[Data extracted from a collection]
*** Block opens ***

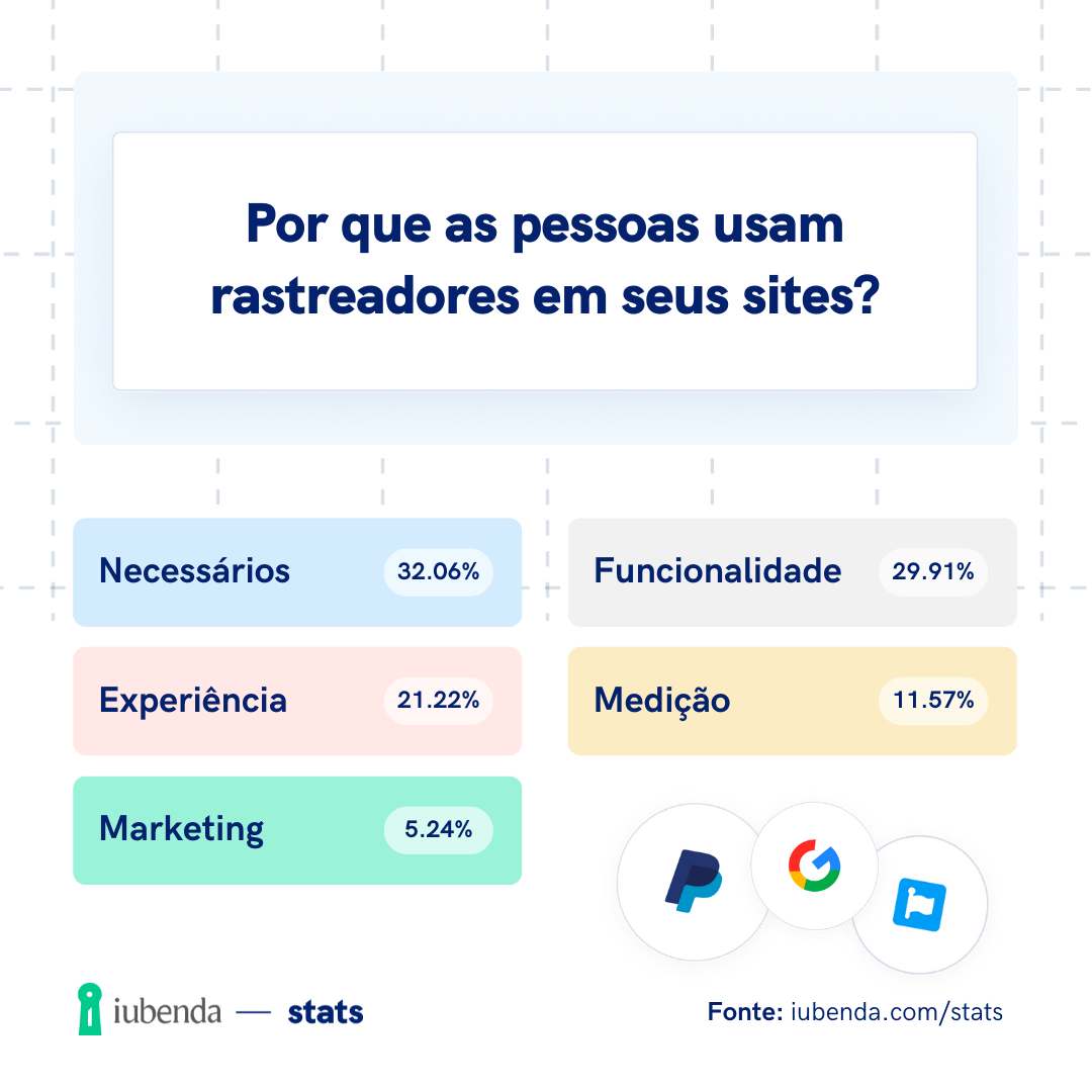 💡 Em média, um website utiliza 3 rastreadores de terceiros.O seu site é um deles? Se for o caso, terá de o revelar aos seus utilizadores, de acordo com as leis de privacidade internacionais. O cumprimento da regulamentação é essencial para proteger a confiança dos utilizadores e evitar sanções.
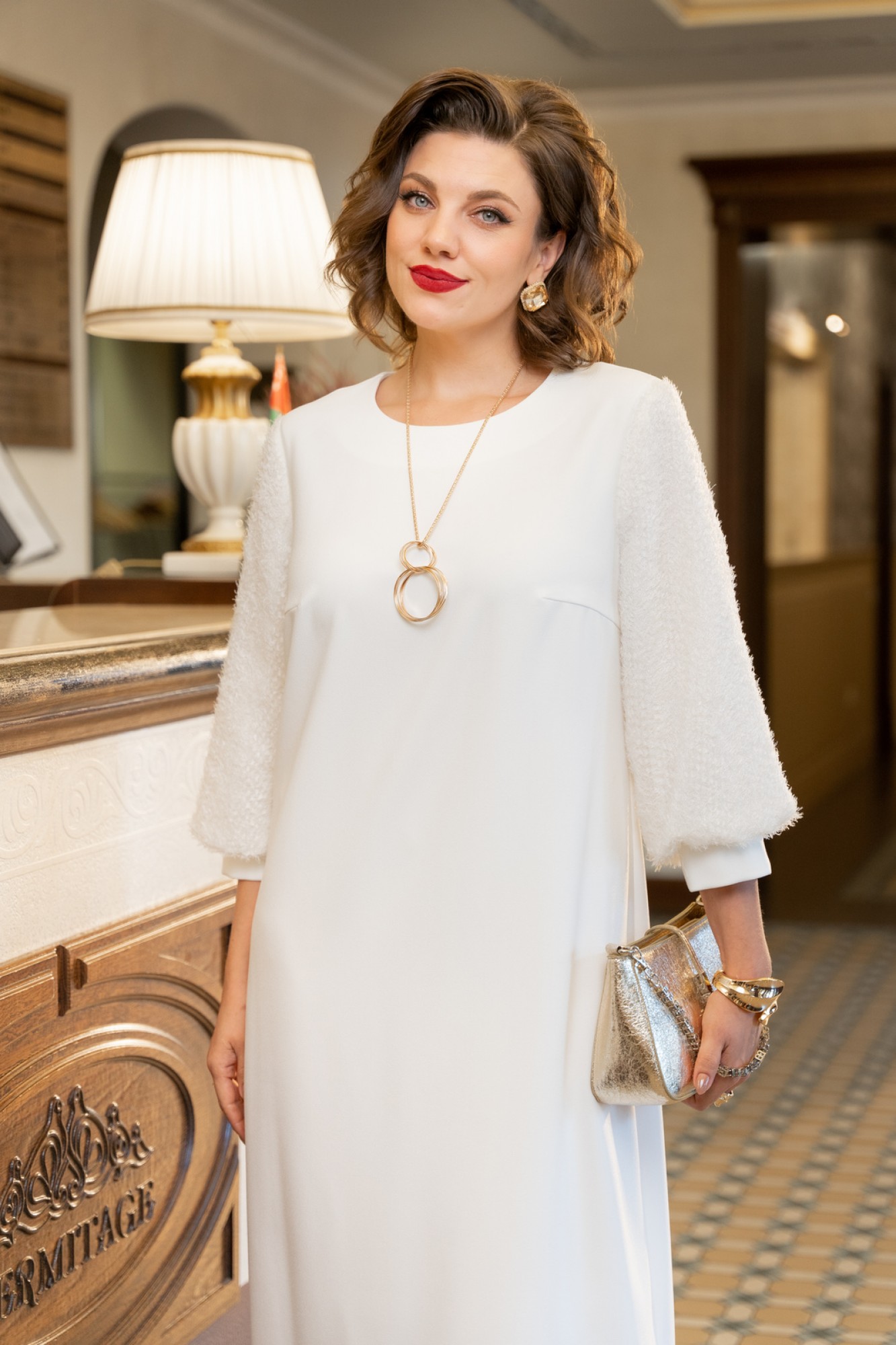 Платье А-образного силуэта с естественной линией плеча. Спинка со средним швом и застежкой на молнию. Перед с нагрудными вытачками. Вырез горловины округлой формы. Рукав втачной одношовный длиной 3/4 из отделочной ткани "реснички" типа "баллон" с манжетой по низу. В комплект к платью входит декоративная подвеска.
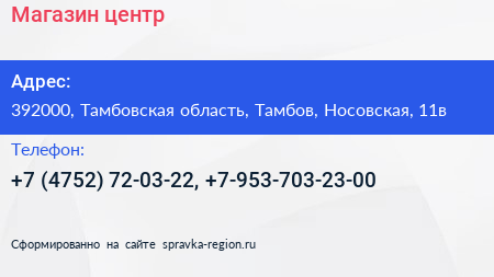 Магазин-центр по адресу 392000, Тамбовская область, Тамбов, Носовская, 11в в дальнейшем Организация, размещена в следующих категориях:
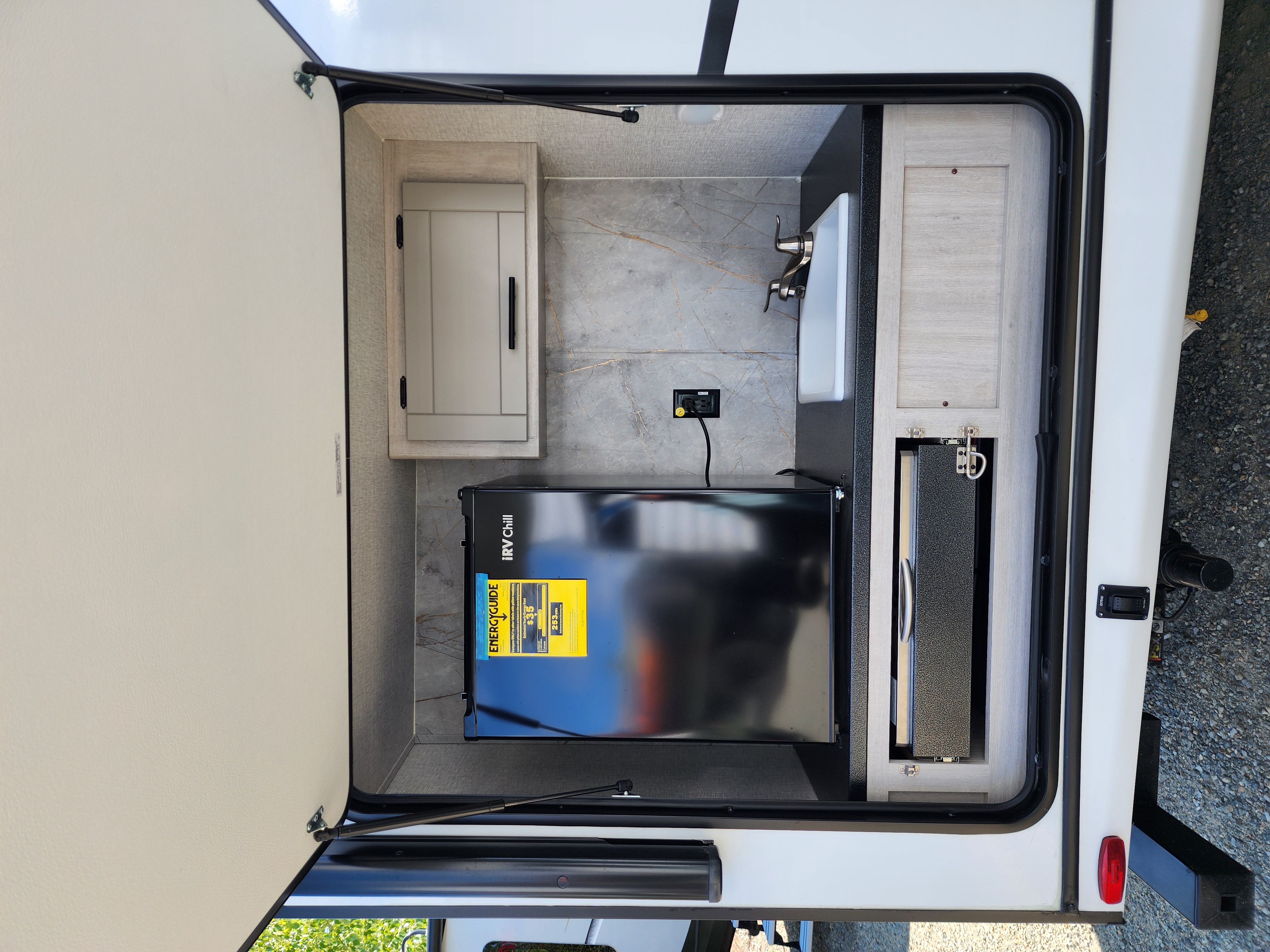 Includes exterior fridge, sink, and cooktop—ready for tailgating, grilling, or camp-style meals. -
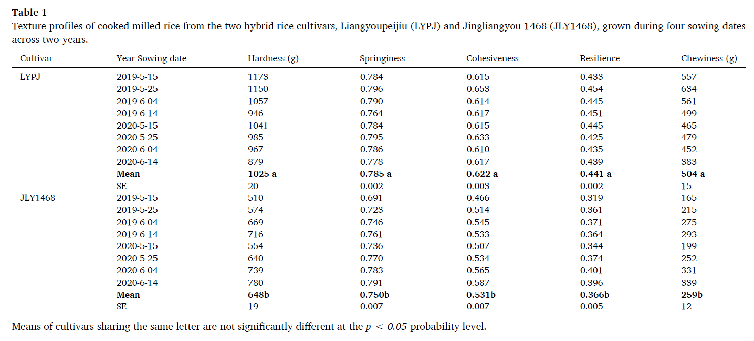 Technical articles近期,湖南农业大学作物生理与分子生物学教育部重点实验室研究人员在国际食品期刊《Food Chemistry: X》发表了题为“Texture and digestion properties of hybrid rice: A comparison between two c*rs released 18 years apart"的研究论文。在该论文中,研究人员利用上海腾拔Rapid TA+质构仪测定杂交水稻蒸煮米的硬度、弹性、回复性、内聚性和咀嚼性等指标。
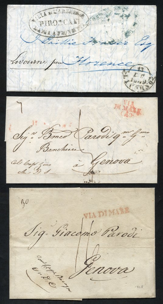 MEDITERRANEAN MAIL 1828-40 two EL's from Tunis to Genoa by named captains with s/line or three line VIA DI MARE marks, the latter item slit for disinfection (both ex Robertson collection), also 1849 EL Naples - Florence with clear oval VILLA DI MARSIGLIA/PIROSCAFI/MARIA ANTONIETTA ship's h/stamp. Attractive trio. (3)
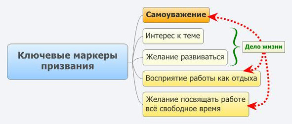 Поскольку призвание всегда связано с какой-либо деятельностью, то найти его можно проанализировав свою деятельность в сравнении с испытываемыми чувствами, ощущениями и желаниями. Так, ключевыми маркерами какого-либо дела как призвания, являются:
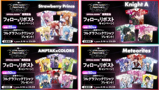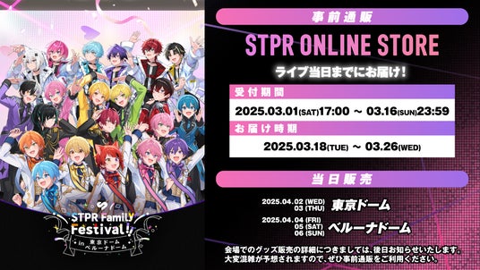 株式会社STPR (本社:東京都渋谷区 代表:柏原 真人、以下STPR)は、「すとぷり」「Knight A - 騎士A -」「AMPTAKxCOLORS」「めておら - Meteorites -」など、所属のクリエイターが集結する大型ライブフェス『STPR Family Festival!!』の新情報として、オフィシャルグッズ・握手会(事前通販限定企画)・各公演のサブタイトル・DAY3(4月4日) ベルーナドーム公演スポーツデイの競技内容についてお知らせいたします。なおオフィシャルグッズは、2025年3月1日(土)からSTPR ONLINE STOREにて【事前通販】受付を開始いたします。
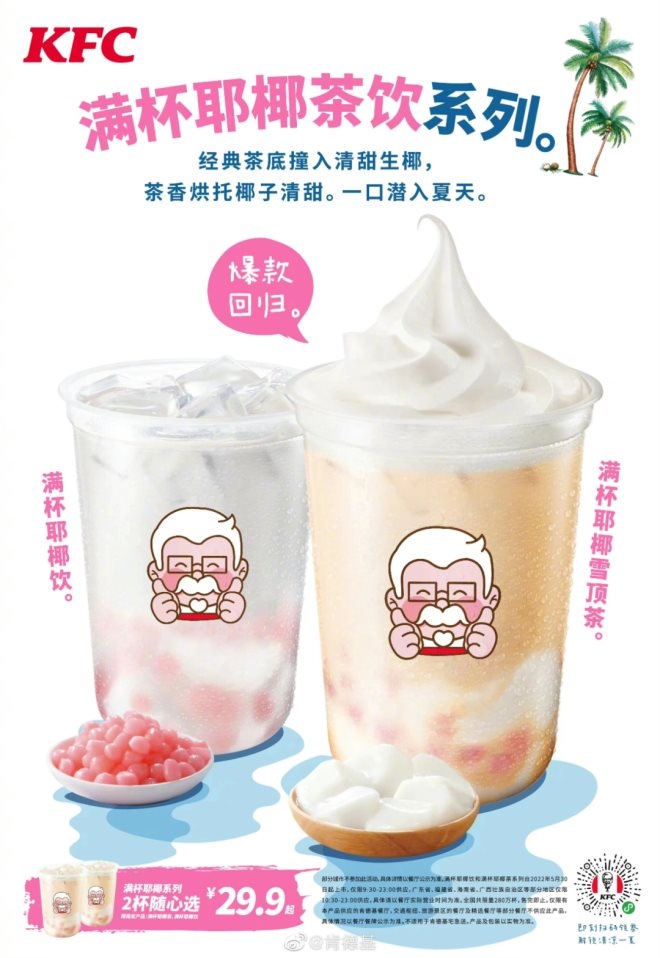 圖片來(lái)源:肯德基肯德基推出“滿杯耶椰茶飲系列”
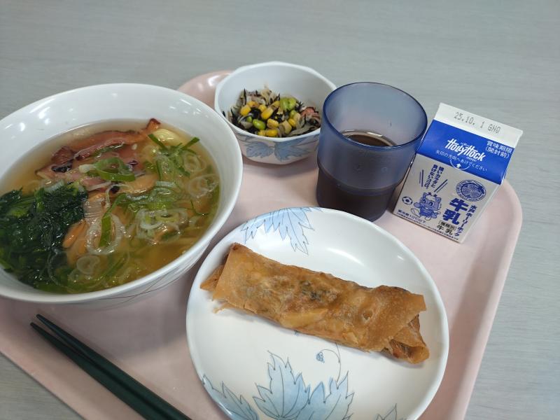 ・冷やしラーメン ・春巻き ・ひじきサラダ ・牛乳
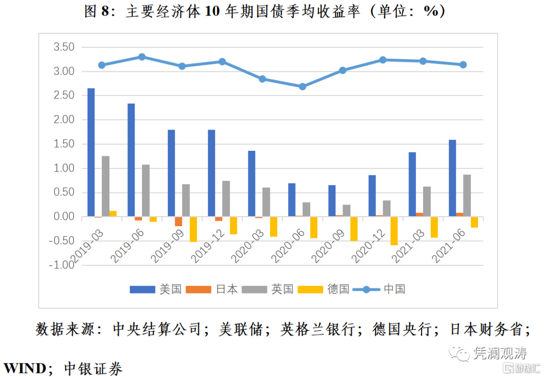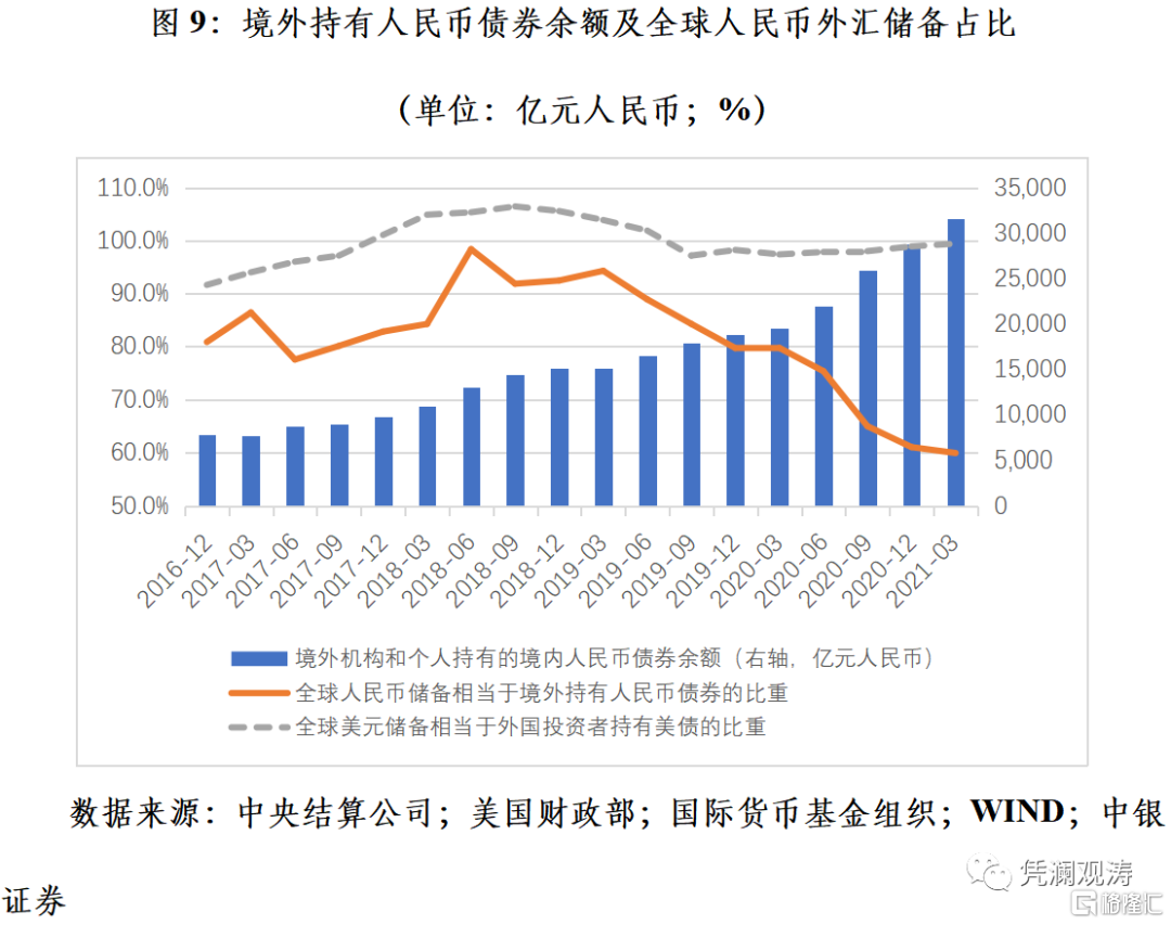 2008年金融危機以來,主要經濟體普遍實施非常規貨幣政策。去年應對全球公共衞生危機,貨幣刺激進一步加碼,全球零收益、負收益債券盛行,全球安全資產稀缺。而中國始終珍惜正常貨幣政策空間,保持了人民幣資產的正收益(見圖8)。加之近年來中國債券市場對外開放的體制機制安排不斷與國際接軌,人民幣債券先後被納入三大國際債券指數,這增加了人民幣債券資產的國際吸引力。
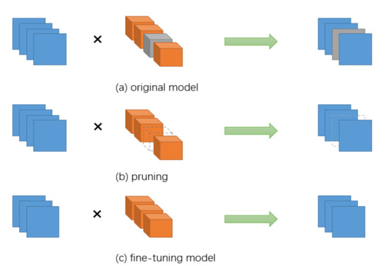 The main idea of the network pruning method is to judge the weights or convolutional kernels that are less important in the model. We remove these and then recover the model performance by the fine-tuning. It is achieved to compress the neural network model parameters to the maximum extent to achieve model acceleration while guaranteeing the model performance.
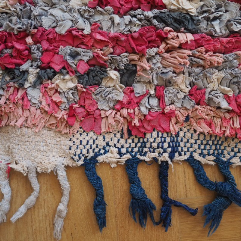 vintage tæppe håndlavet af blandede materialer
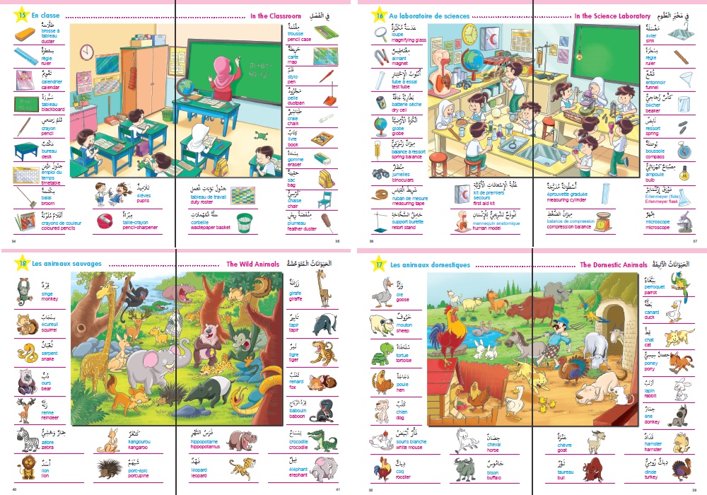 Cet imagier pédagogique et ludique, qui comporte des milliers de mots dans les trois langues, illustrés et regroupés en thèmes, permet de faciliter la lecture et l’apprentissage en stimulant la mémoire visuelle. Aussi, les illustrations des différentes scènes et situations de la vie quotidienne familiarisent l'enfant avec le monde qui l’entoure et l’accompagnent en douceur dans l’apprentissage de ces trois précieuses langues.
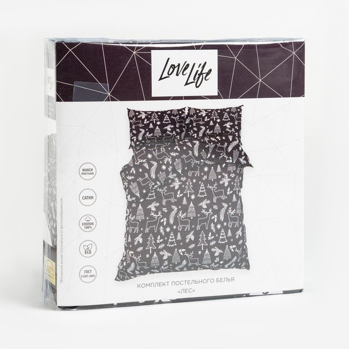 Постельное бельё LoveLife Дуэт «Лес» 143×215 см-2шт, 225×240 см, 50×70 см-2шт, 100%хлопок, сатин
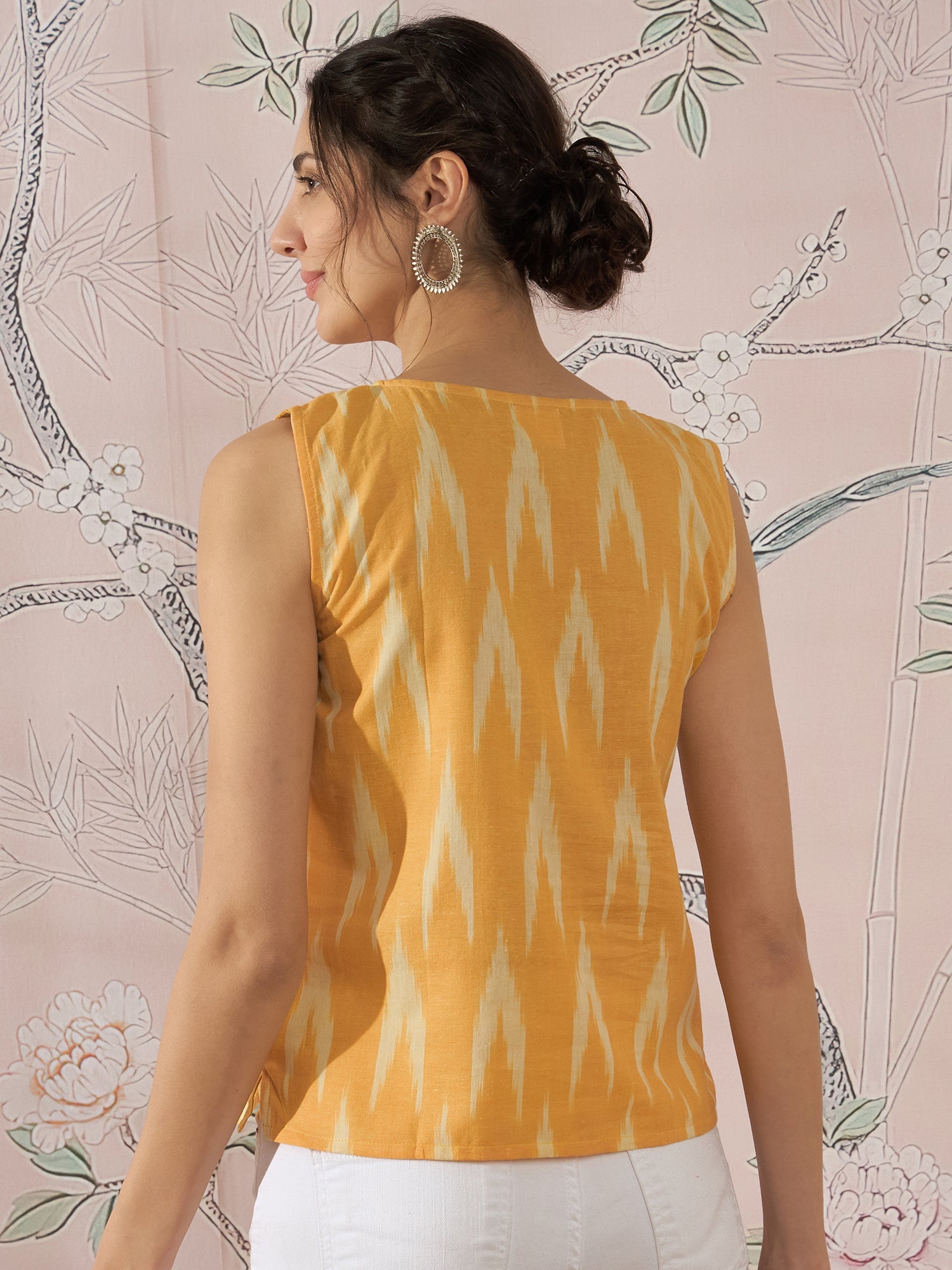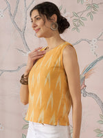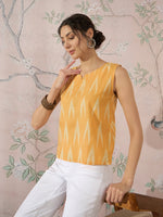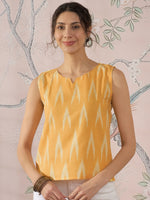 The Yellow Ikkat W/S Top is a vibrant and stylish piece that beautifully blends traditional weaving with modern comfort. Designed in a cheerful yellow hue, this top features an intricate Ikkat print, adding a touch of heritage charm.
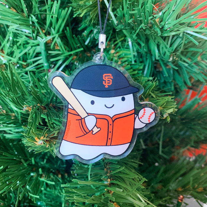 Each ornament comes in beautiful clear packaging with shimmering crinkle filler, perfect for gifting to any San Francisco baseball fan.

*** Block closes ***

→ ASSIGNMENT
Quote, word for word and nothing more, every line from the line with "The main idea" to the end of the entries, including both ends; skip any pictures.

→ REPLY
 The main idea of the network pruning method is to judge the weights or convolutional kernels that are less important in the model. We remove these and then recover the model performance by the fine-tuning. It is achieved to compress the neural network model parameters to the maximum extent to achieve model acceleration while guaranteeing the model performance.
 vintage tæppe håndlavet af blandede materialer
 Cet imagier pédagogique et ludique, qui comporte des milliers de mots dans les trois langues, illustrés et regroupés en thèmes, permet de faciliter la lecture et l’apprentissage en stimulant la mémoire visuelle. Aussi, les illustrations des différentes scènes et situations de la vie quotidienne familiarisent l'enfant avec le monde qui l’entoure et l’accompagnent en douceur dans l’apprentissage de ces trois précieuses langues.
 Постельное бельё LoveLife Дуэт «Лес» 143×215 см-2шт, 225×240 см, 50×70 см-2шт, 100%хлопок, сатин
 The Yellow Ikkat W/S Top is a vibrant and stylish piece that beautifully blends traditional weaving with modern comfort. Designed in a cheerful yellow hue, this top features an intricate Ikkat print, adding a touch of heritage charm.
 Each ornament comes in beautiful clear packaging with shimmering crinkle filler, perfect for gifting to any San Francisco baseball fan.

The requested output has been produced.